:: Records provided

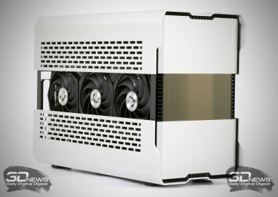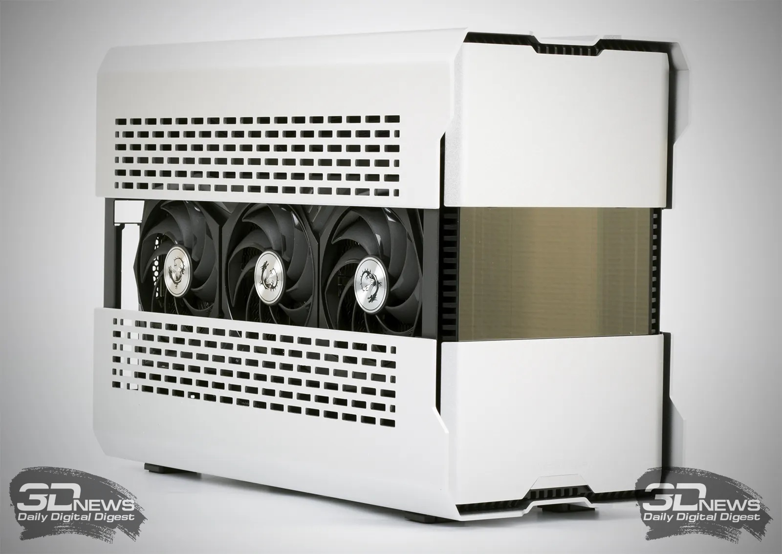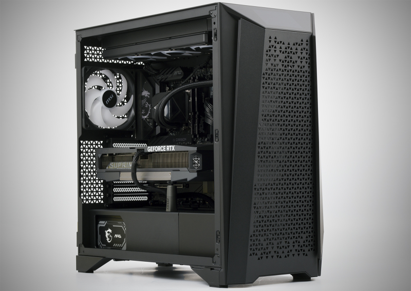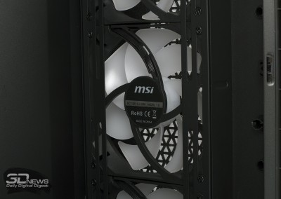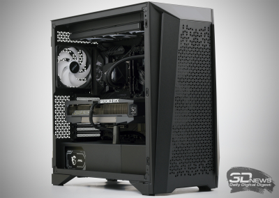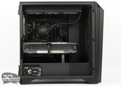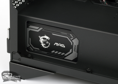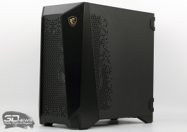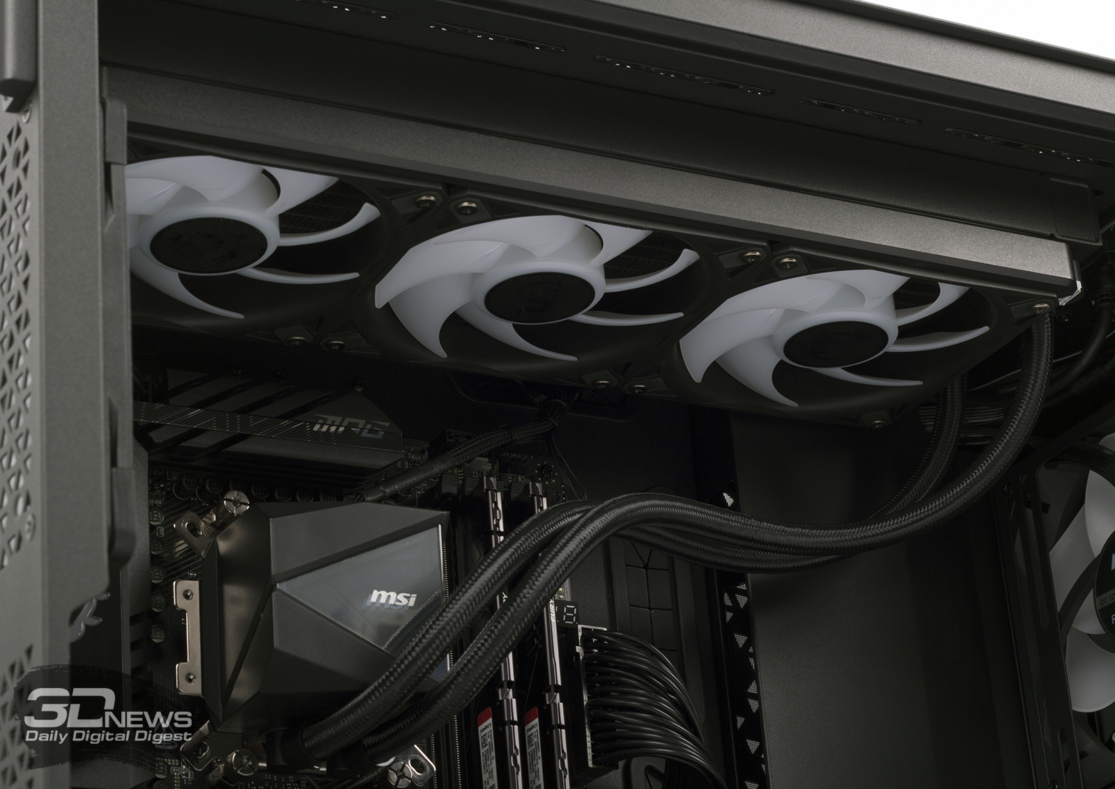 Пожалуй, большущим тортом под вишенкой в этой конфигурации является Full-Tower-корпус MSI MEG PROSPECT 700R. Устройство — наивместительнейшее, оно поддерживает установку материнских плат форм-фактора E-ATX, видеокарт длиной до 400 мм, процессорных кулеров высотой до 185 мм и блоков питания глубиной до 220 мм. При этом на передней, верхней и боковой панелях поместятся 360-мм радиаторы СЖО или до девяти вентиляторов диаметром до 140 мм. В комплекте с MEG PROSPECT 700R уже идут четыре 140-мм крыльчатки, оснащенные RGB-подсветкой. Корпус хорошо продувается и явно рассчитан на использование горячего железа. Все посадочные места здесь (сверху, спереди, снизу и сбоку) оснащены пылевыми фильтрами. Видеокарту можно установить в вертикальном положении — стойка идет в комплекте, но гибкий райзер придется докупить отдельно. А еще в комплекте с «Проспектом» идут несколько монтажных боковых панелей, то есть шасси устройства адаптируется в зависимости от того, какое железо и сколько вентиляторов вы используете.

::::
:: Records provided

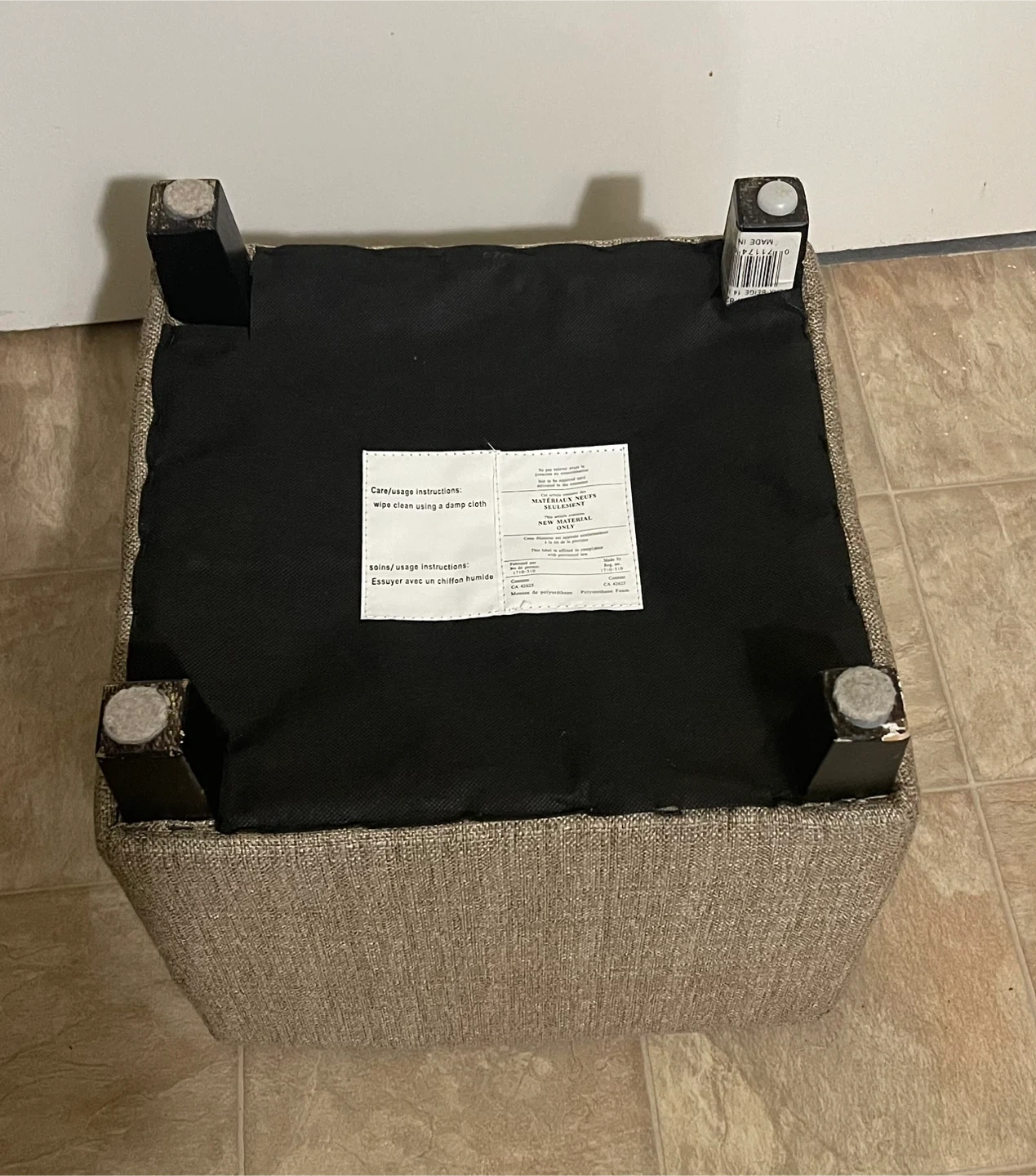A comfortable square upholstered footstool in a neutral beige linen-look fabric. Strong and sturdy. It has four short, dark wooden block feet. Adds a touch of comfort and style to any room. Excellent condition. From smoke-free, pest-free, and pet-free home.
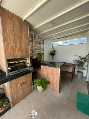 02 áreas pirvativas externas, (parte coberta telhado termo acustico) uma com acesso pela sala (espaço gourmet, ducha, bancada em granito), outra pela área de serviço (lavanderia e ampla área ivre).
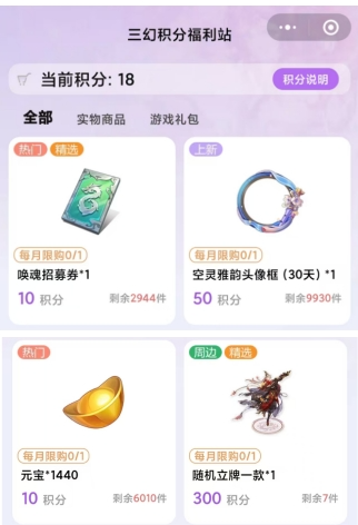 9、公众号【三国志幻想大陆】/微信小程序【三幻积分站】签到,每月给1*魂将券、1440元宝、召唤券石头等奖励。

::::
:: Records provided

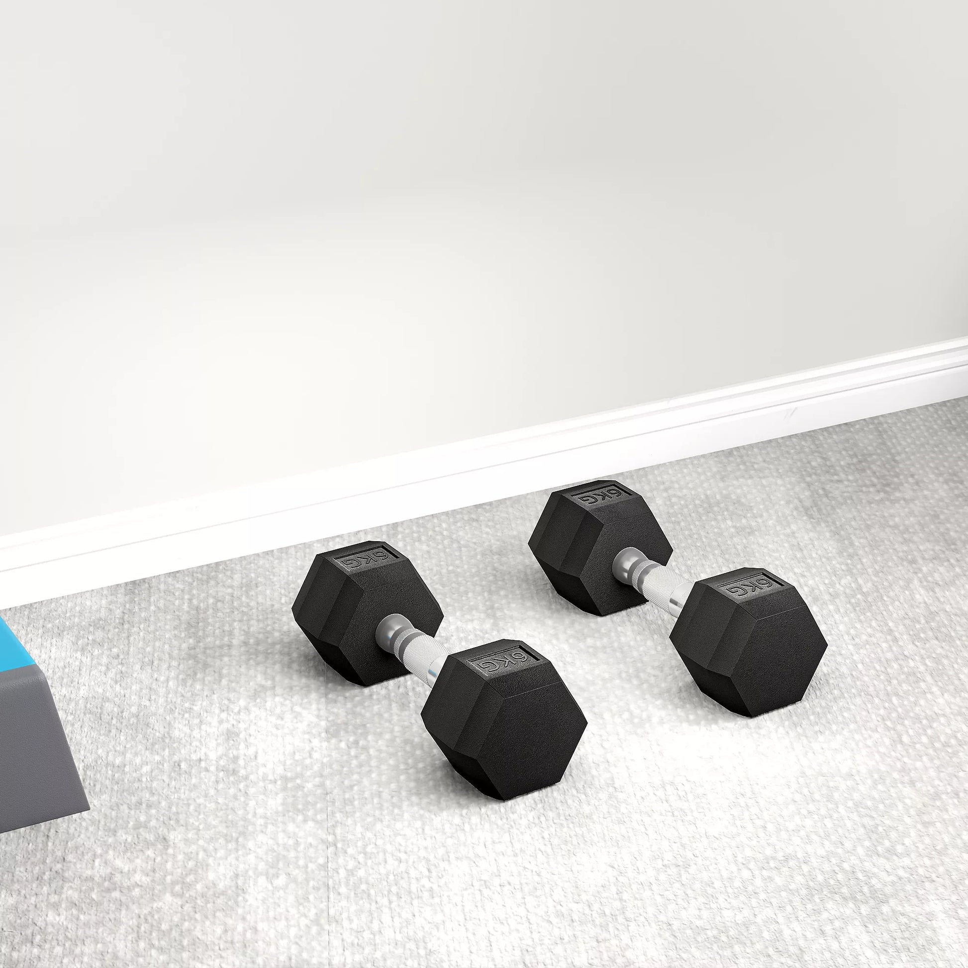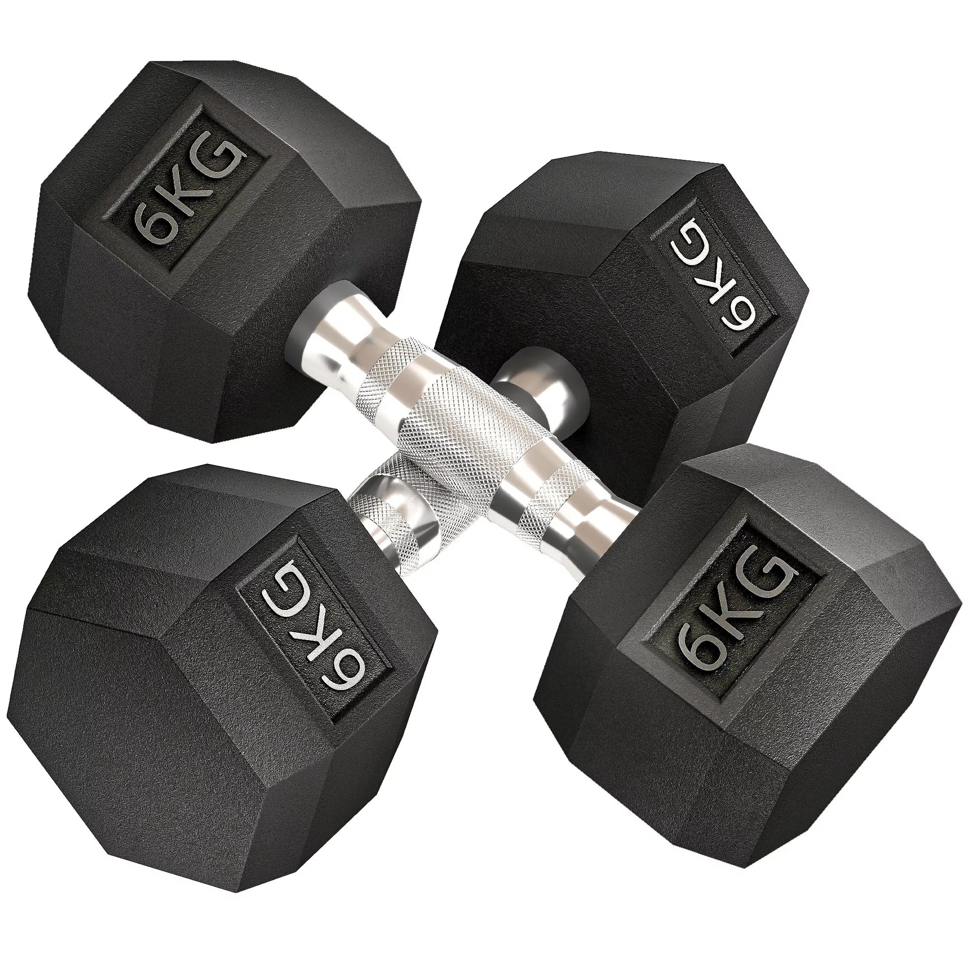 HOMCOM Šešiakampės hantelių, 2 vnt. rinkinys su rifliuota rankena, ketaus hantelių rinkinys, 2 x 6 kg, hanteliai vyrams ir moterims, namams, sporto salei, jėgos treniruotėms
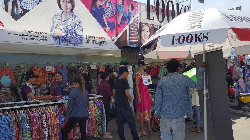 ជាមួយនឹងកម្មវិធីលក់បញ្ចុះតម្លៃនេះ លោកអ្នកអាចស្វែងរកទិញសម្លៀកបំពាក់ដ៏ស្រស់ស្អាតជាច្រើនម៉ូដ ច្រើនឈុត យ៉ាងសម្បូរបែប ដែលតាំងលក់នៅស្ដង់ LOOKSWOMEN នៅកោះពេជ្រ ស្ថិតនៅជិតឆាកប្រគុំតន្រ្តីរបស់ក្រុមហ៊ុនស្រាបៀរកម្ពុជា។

::::

- **What you will do**
In the listing above, find the line with "A comfortable square" and output every line through the one with "9、公众号【三国志幻想大陆】", exactly, without the pictures.

- **Written response**
A comfortable square upholstered footstool in a neutral beige linen-look fabric. Strong and sturdy. It has four short, dark wooden block feet. Adds a touch of comfort and style to any room. Excellent condition. From smoke-free, pest-free, and pet-free home.
 02 áreas pirvativas externas, (parte coberta telhado termo acustico) uma com acesso pela sala (espaço gourmet, ducha, bancada em granito), outra pela área de serviço (lavanderia e ampla área ivre).
 9、公众号【三国志幻想大陆】/微信小程序【三幻积分站】签到,每月给1*魂将券、1440元宝、召唤券石头等奖励。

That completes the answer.